■ SUPPLIED MATERIAL:
Content starts
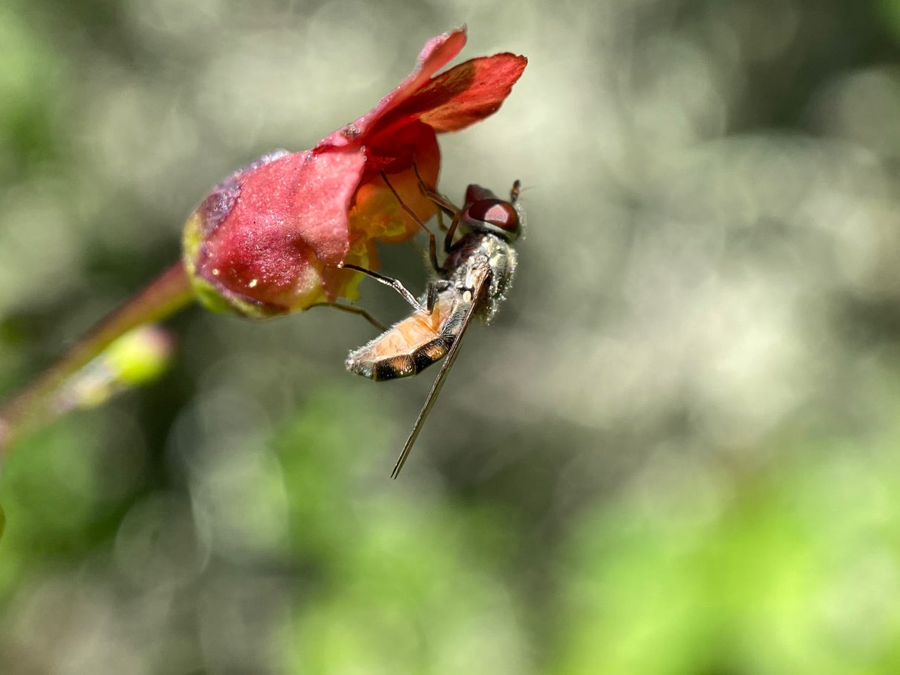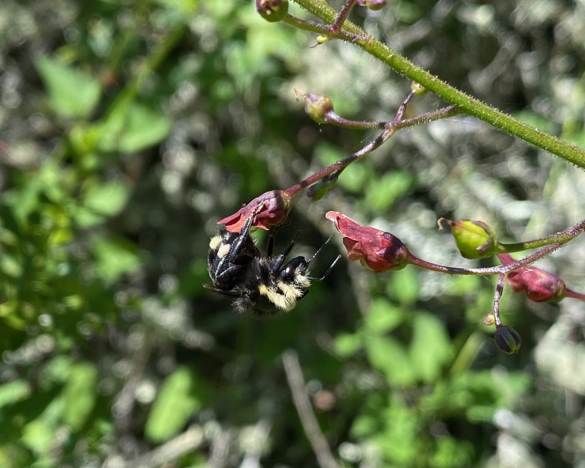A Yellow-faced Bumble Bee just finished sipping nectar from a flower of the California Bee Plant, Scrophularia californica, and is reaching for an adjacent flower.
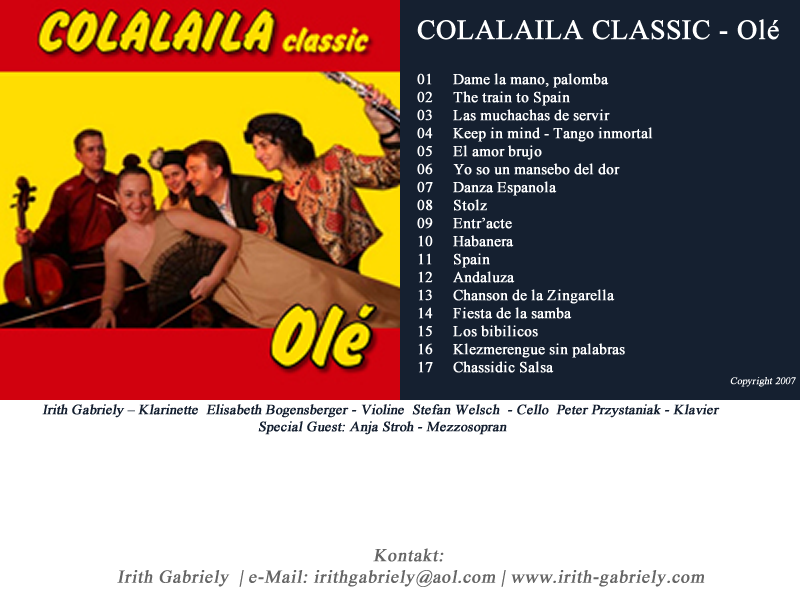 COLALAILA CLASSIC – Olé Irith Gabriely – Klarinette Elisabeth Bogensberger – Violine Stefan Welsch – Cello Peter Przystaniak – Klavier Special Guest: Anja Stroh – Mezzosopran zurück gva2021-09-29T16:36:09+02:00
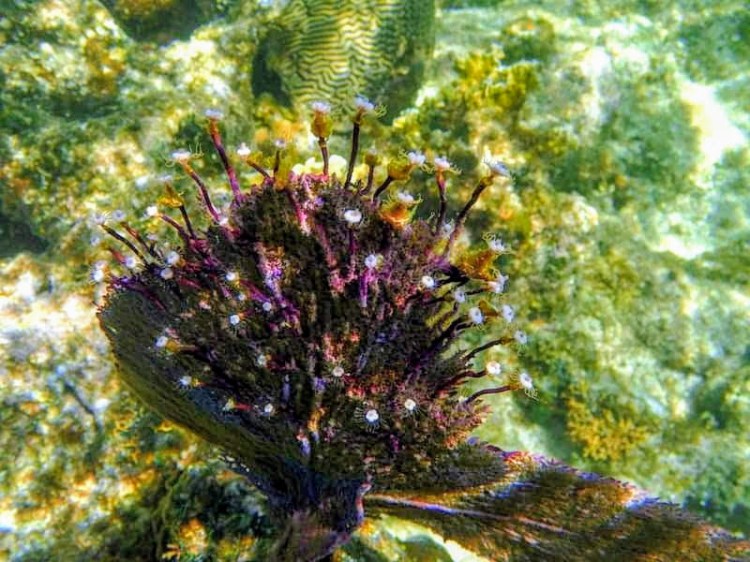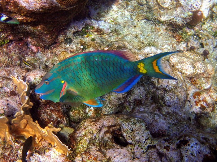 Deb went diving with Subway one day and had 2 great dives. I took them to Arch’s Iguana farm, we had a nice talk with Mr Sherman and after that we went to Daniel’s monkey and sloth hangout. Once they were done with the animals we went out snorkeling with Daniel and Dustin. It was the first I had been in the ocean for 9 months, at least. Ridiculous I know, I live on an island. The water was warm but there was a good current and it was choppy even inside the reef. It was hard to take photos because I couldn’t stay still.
Content ends
Content starts
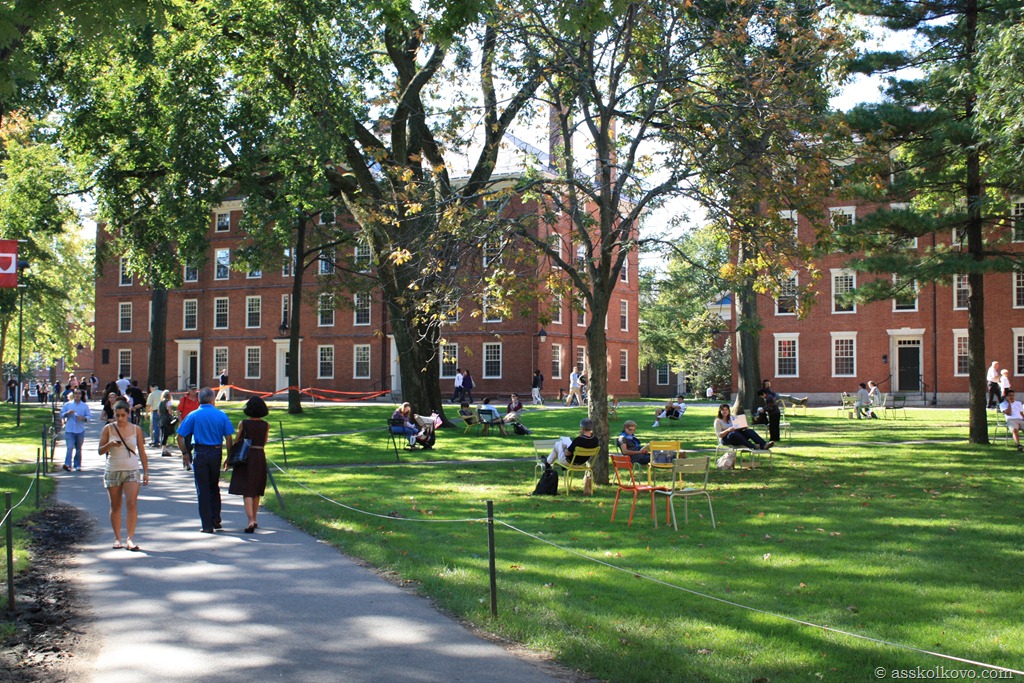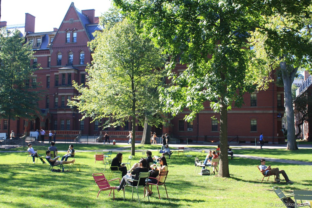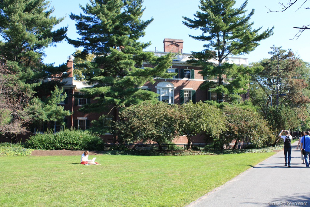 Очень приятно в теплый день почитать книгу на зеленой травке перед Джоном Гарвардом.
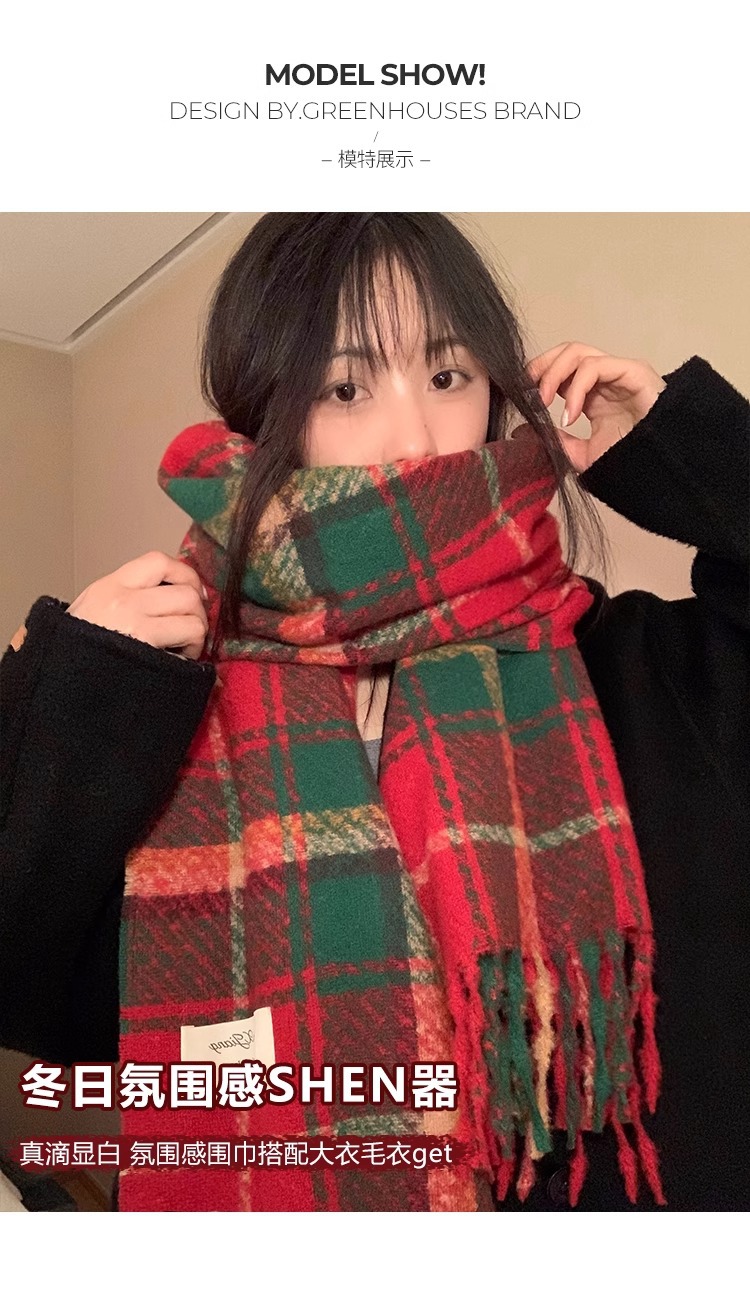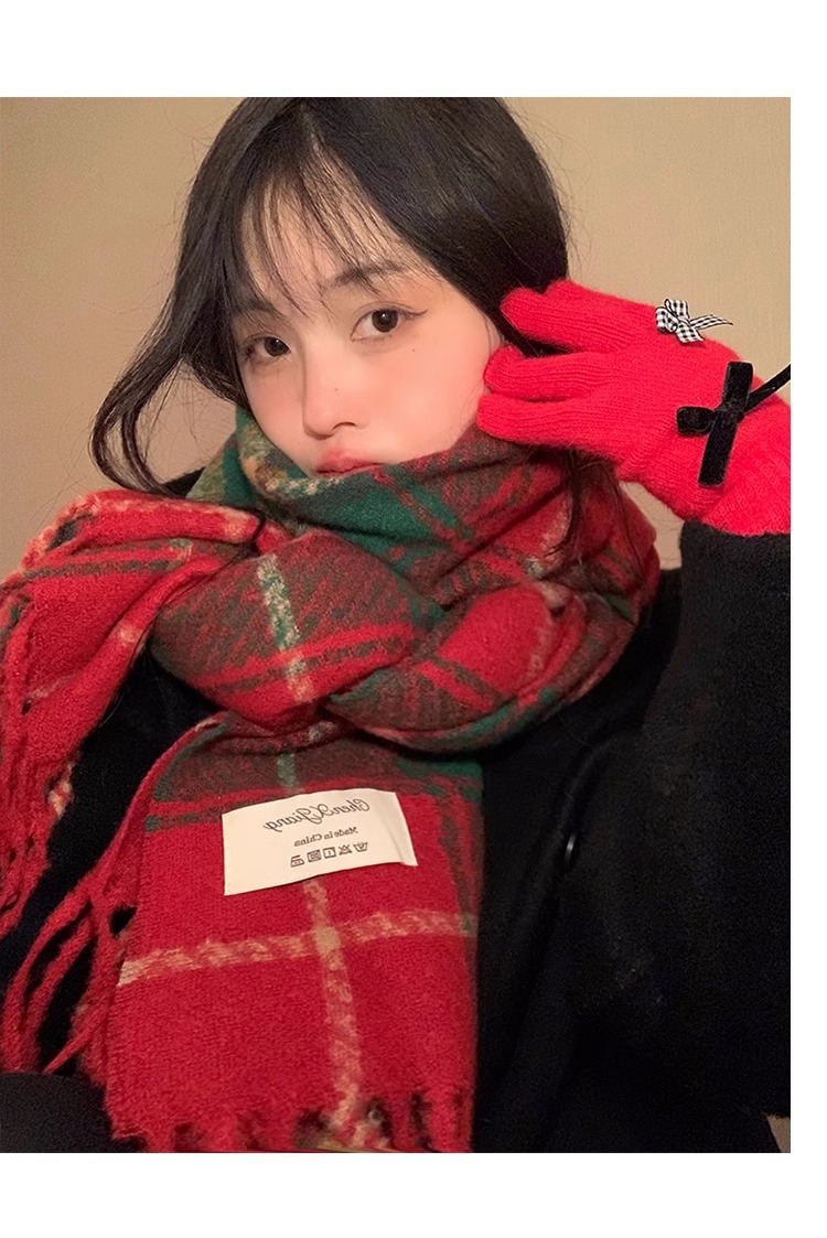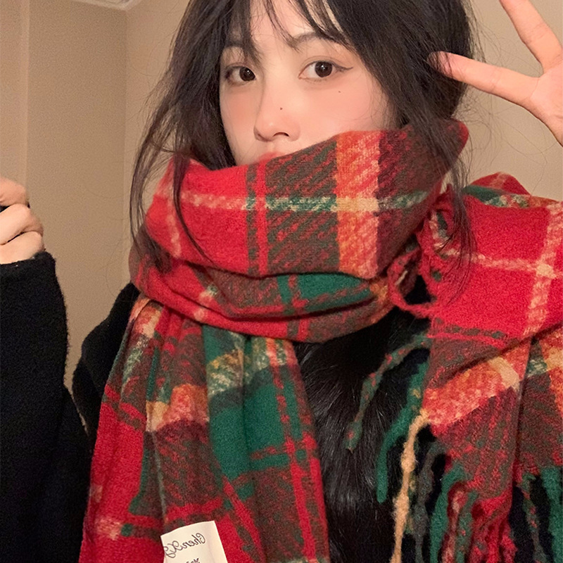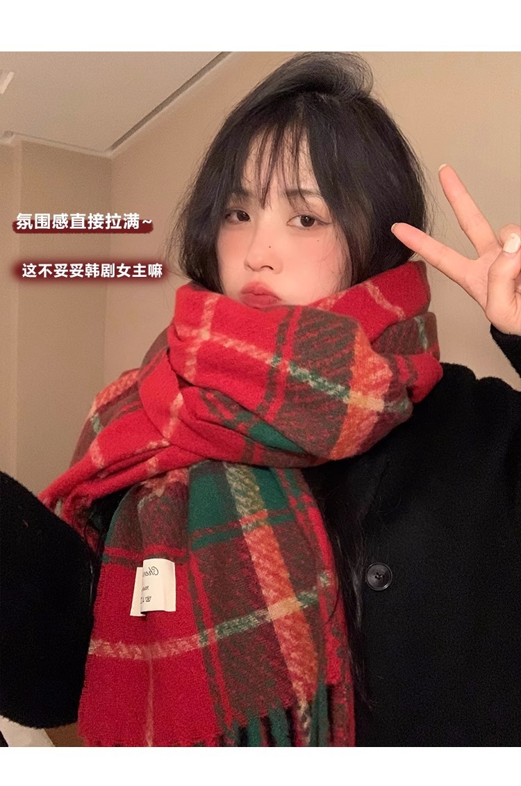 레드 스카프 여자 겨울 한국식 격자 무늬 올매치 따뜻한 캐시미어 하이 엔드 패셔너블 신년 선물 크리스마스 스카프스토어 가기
Content ends
Content starts
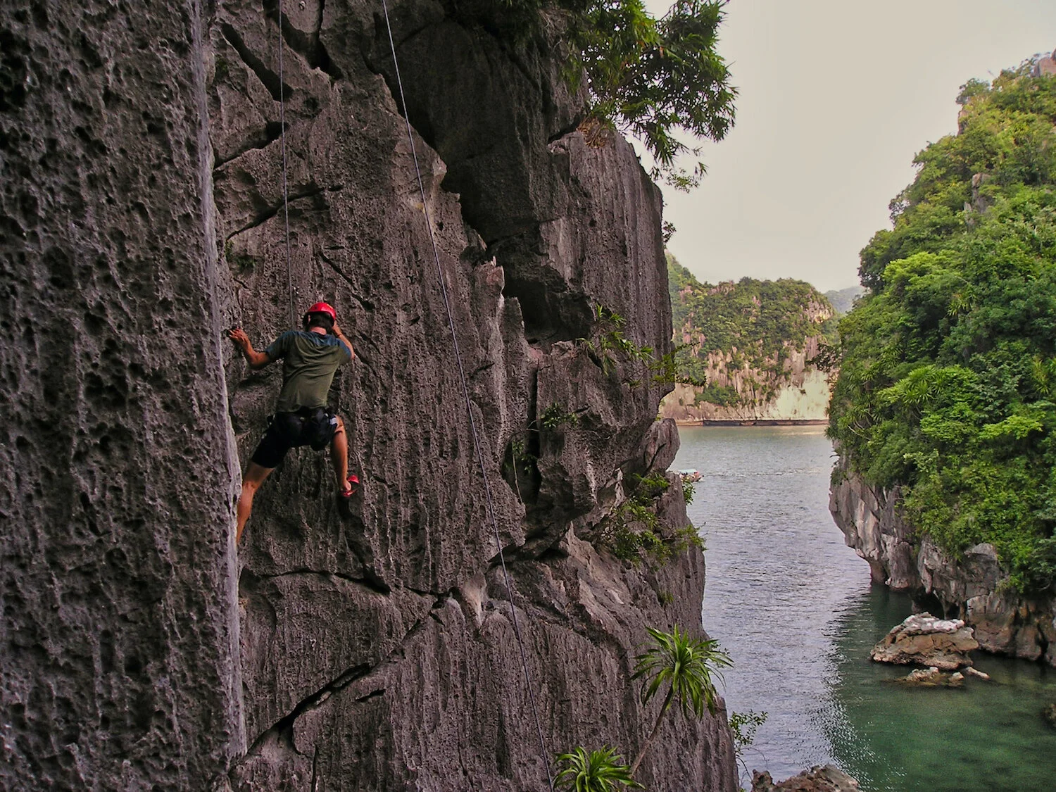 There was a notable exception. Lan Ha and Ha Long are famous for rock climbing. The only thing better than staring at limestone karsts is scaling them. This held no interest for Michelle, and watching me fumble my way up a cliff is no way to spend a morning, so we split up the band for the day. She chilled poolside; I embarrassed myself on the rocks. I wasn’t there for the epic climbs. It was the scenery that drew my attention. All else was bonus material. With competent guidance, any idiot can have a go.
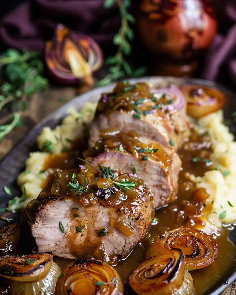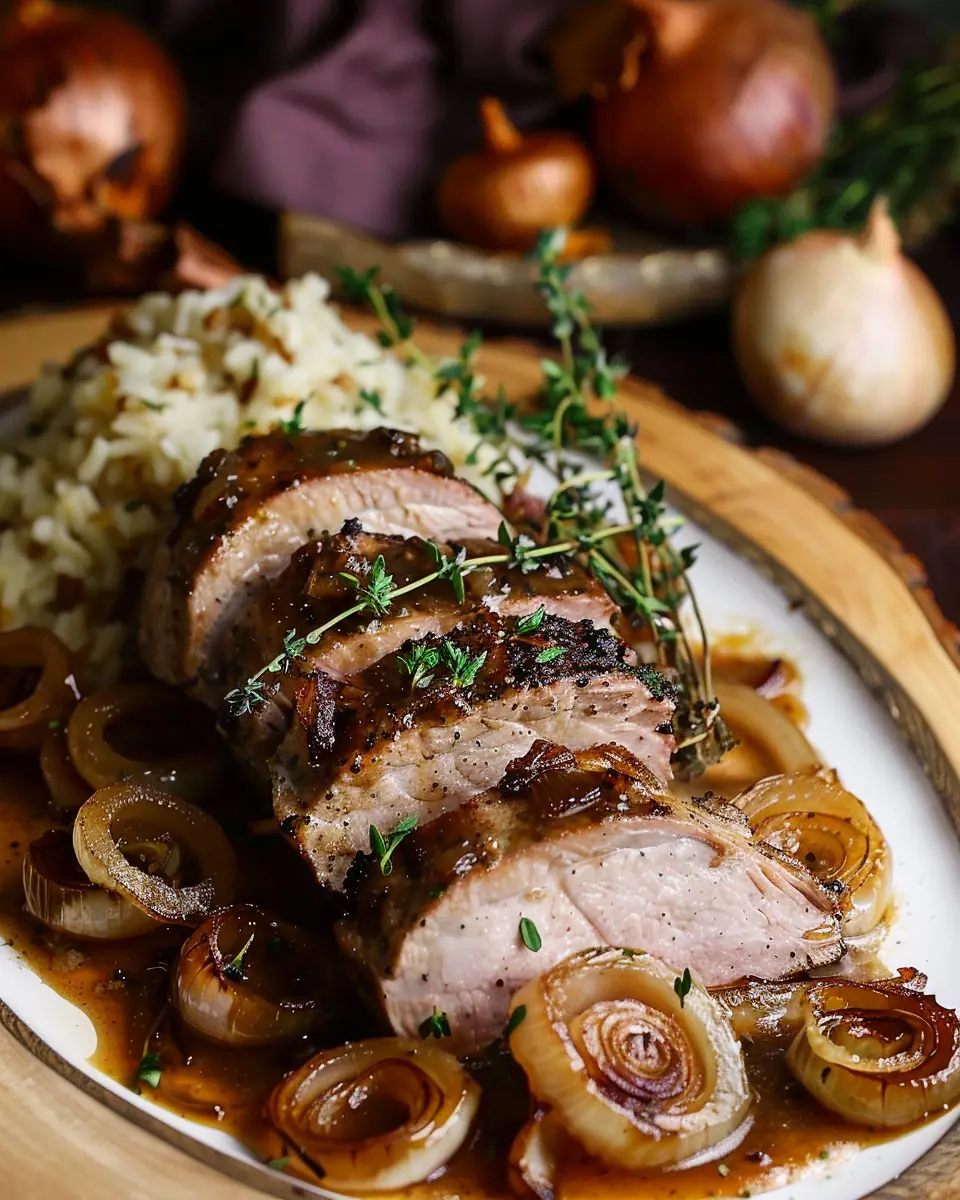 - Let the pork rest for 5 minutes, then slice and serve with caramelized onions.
Content ends
■ TASK GOAL: Copy everything above from the line holding "A Yellow-faced Bumble" down to the line holding "Deb went diving", both ends included, exactly as it stands and without the pictures.

■ RESULT OF THE TASK:
A Yellow-faced Bumble Bee just finished sipping nectar from a flower of the California Bee Plant, Scrophularia californica, and is reaching for an adjacent flower.
 COLALAILA CLASSIC – Olé Irith Gabriely – Klarinette Elisabeth Bogensberger – Violine Stefan Welsch – Cello Peter Przystaniak – Klavier Special Guest: Anja Stroh – Mezzosopran zurück gva2021-09-29T16:36:09+02:00
 Deb went diving with Subway one day and had 2 great dives. I took them to Arch’s Iguana farm, we had a nice talk with Mr Sherman and after that we went to Daniel’s monkey and sloth hangout. Once they were done with the animals we went out snorkeling with Daniel and Dustin. It was the first I had been in the ocean for 9 months, at least. Ridiculous I know, I live on an island. The water was warm but there was a good current and it was choppy even inside the reef. It was hard to take photos because I couldn’t stay still.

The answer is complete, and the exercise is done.